I always feel a pang in the run up to Mother’s Day, watching people in the supermarket picking out flowers and cards for their Mums. It makes me sad and left out. Mother’s Day FOMO.

If I remember rightly, we didn’t make much effort for my poor old Mum, I wish we’d done better. Hindsight can be hard. Sometimes you don’t know what you don’t know until it’s too late.

Not having a Mum is rubbish.

Having said all that, and knowing I should have done more, when it comes to my own approach to Mother’s Day I’ll admit I’ve always been extremely high maintence. I want it all – the lie-in, the cards, the food. The day Will bought me Thornton’s chocolates still goes down in history because I worked out he’d got them from Tesco and threw a hissy fit. Not my finest hour. Or his!

This year I’ve turned over a new leaf. Enough of the Princess act. Ne’re a hint dropped. I’m happy and proud to report that the boys stepped up to the plate, with a full-on fry-up they cooked themselves and a 12″ vinyl of Guns & Roses greatest hits. They know me well. Took me right back to their glory years – and mine. I saw the band at Wembley Stadium and they blew me away. I remember we left a song early to beat the rush, ‘Paradise City’ belting out into the night as we crossed the car park and headed for home. Ear drums numb, voices long gone.

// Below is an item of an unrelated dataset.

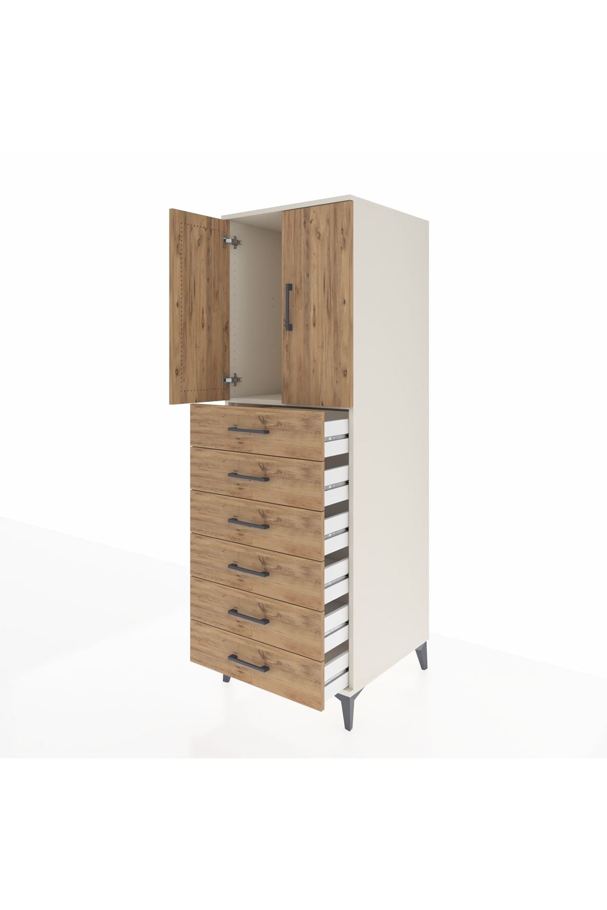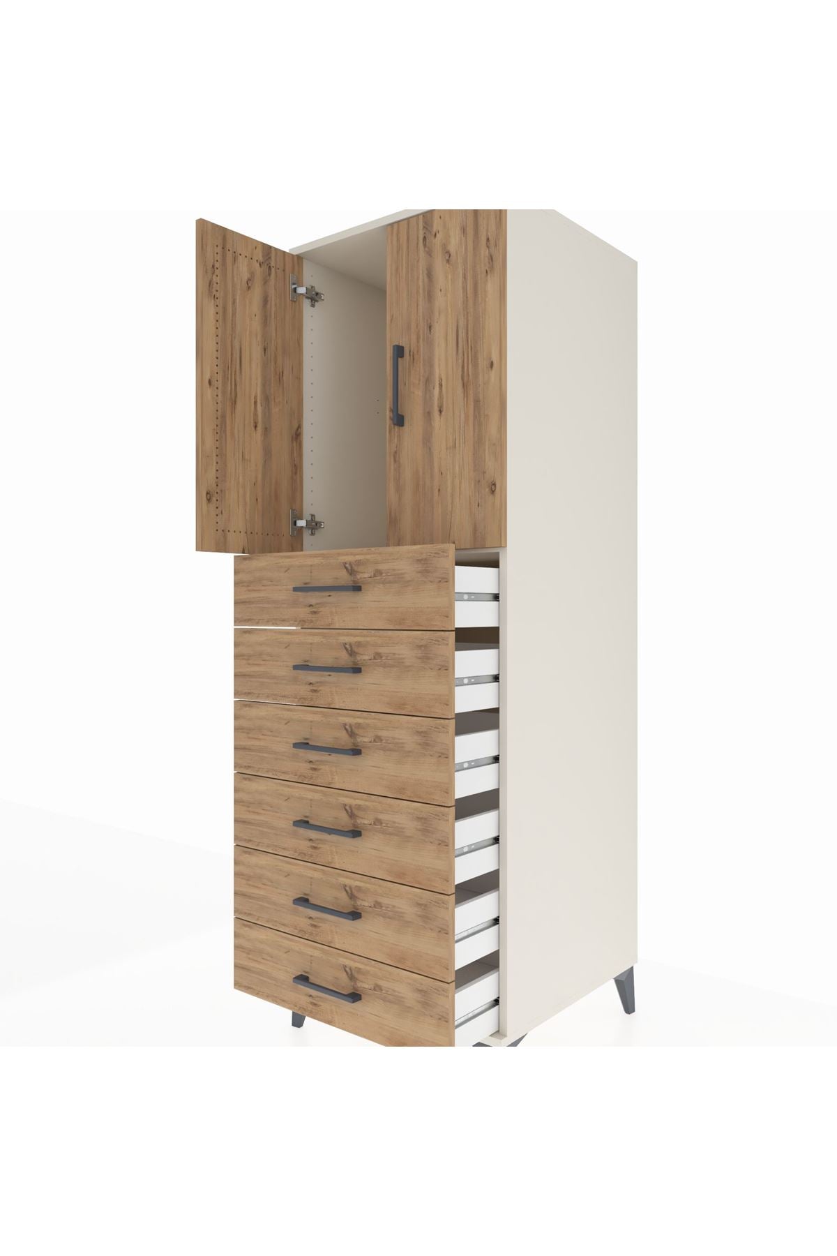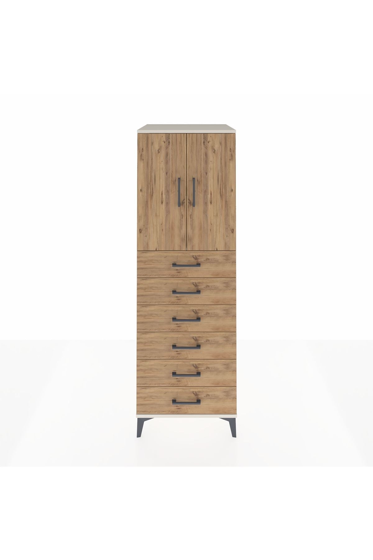 Kronos Dolap Tek Raflı 6 Çekmeceli 2 Kapaklı 60x59x182 Aytaşı-Çam

I tried to burn the sausages, bacon, eggs, black pudding, mushrooms and fried bread I’d had for breakfast, off at tennis. It took a while to get my eye in and move from a lumber to a sprint. This resulted in a 0-6 annihilation in the first set, we made a better fist of the second losing only 2-4, and then pulled it out of the bag in the third with a 5-3 win.

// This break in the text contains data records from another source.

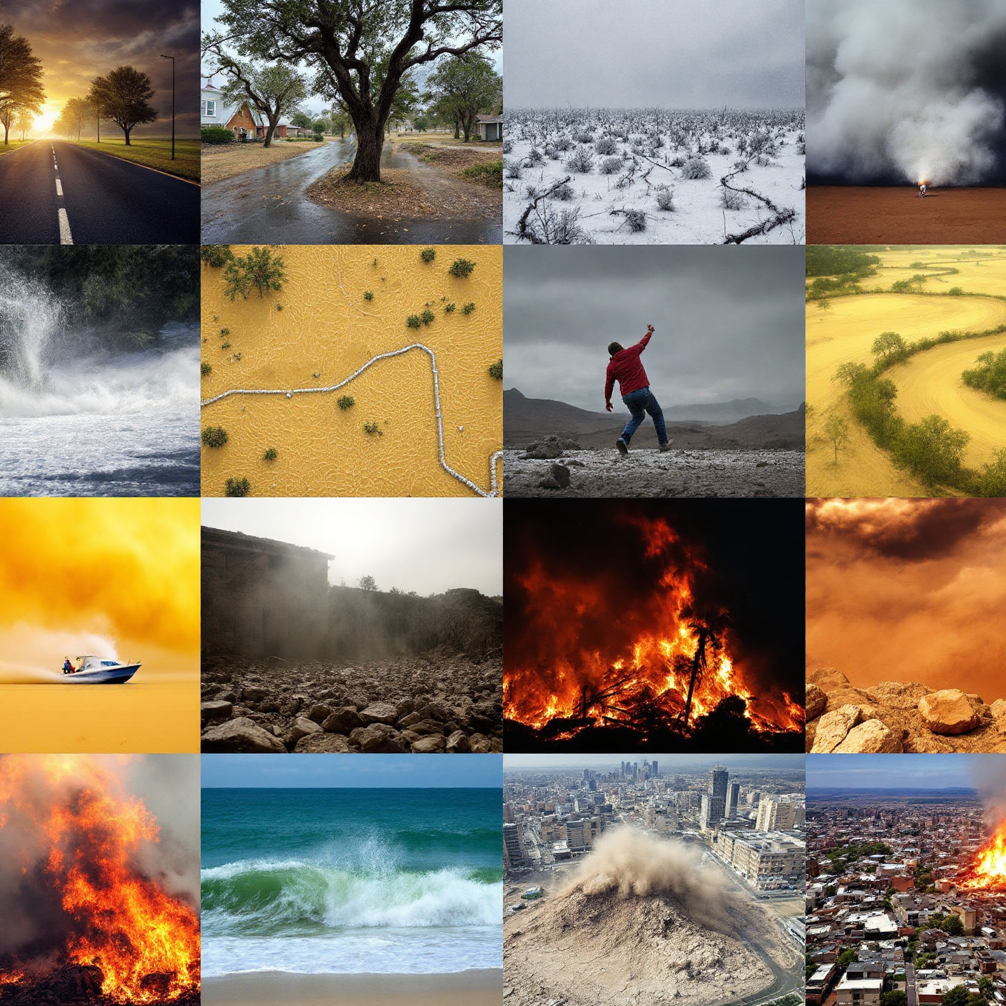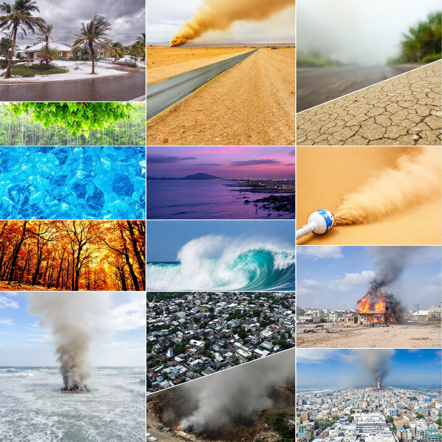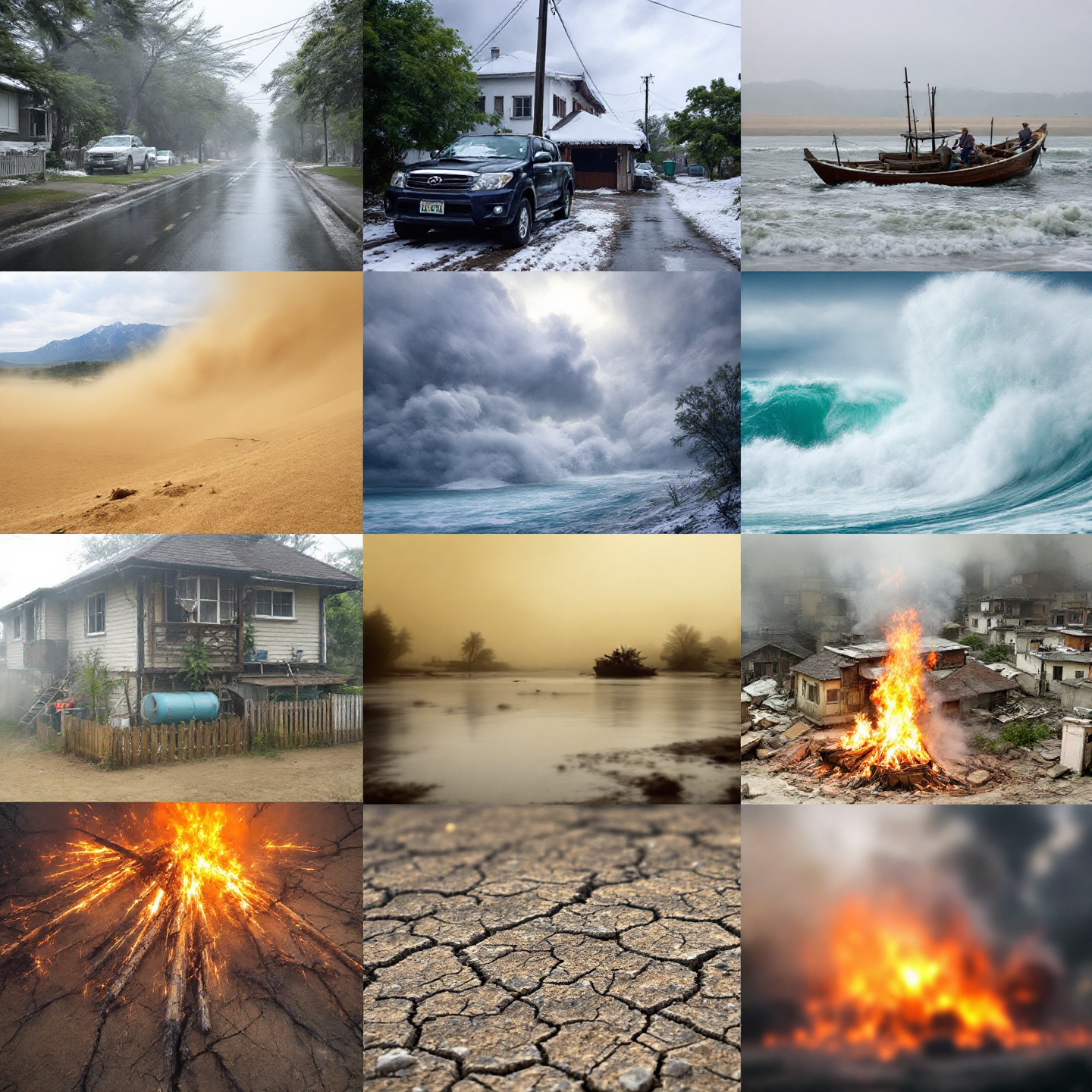 강풍, 호우, 대설, 건조, 폭염, 한파, 태풍, 황사, 해일, 풍랑, 산불, 가뭄, 지진 등(기상청이나 국가기관에서 발표하는 경우)
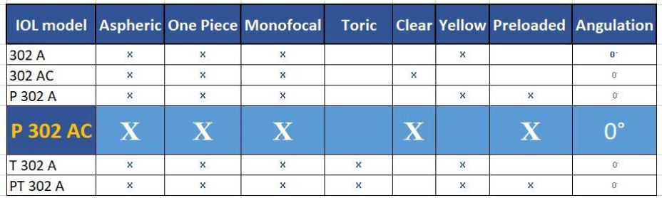 A : Aspheric Yellow Lens AC : Aspheric Clear Lens T : Toric P : Preloaded
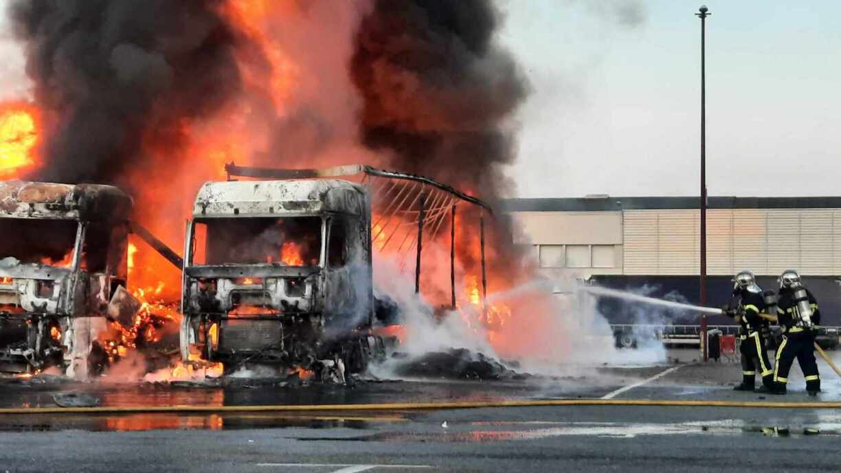 Les flammes menaçant de se propager à un quatrième camion, à proximité immédiate des trois en proie aux flammes qui étaient alignés les uns à côté des autres.
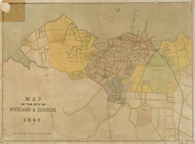 Map of the City of Auckland & Suburbs, J Evans & Co. (1867). [Auckland Libraries Heritage Map 4610].
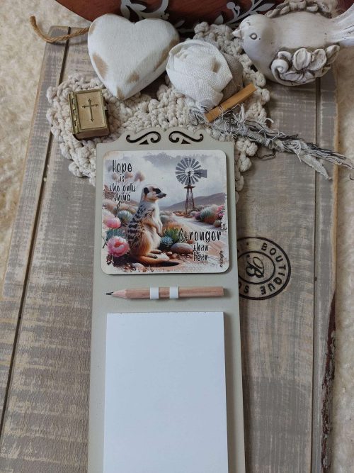 This handy and inspirational fridge mounted notepads is ideal for keeping track of what you really need on your next shopping trip. The magnetic strips means it can be kept on the fridge, so you can easily and quickly jot down any shopping items or little thoughts as the spring to mind. As most of our products this item is not only functional, but also decorative as it ads a little colour and a whole lot of inspiration to your day.
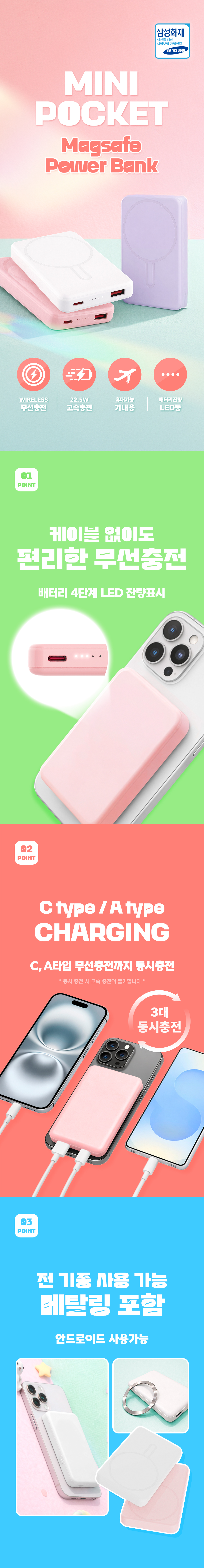 ´õ¸¶ÀεåÇ® 5000mAh PD 22.5W Ãʰí¼Ó ¸Æ¼¼ÀÌÇÁ º¸Á¶¹èÅ͸® »ö»ó 3Á¾

Onwards, and more calories burned walking Dolly home from Snelsmore. It takes an hour start to finish and she has to be on a long line or will literally run back to Eddie (who dropped us off). Sunday is completely rammed with a million dog walkers and kids, who seem to have developed a new trick of going through a gate and then stopping for a chat. This leaves Dolly and I waiting for them to move. Sometimes we wait so long that we give up and go a different way. Today we brazened it out and it was with significant satisfaction I watched three chatting Dads jump out of their skins when we appeared behind them. Canapes.

Roast chicken’s in the oven with all the trimmings prepped. I have a herbal tea in hand as I type this, while I contemplate a celebratory Mother’s Day Bloody Mary which will absolutely be a mistake if I go ahead with it. Which I will. Sod it.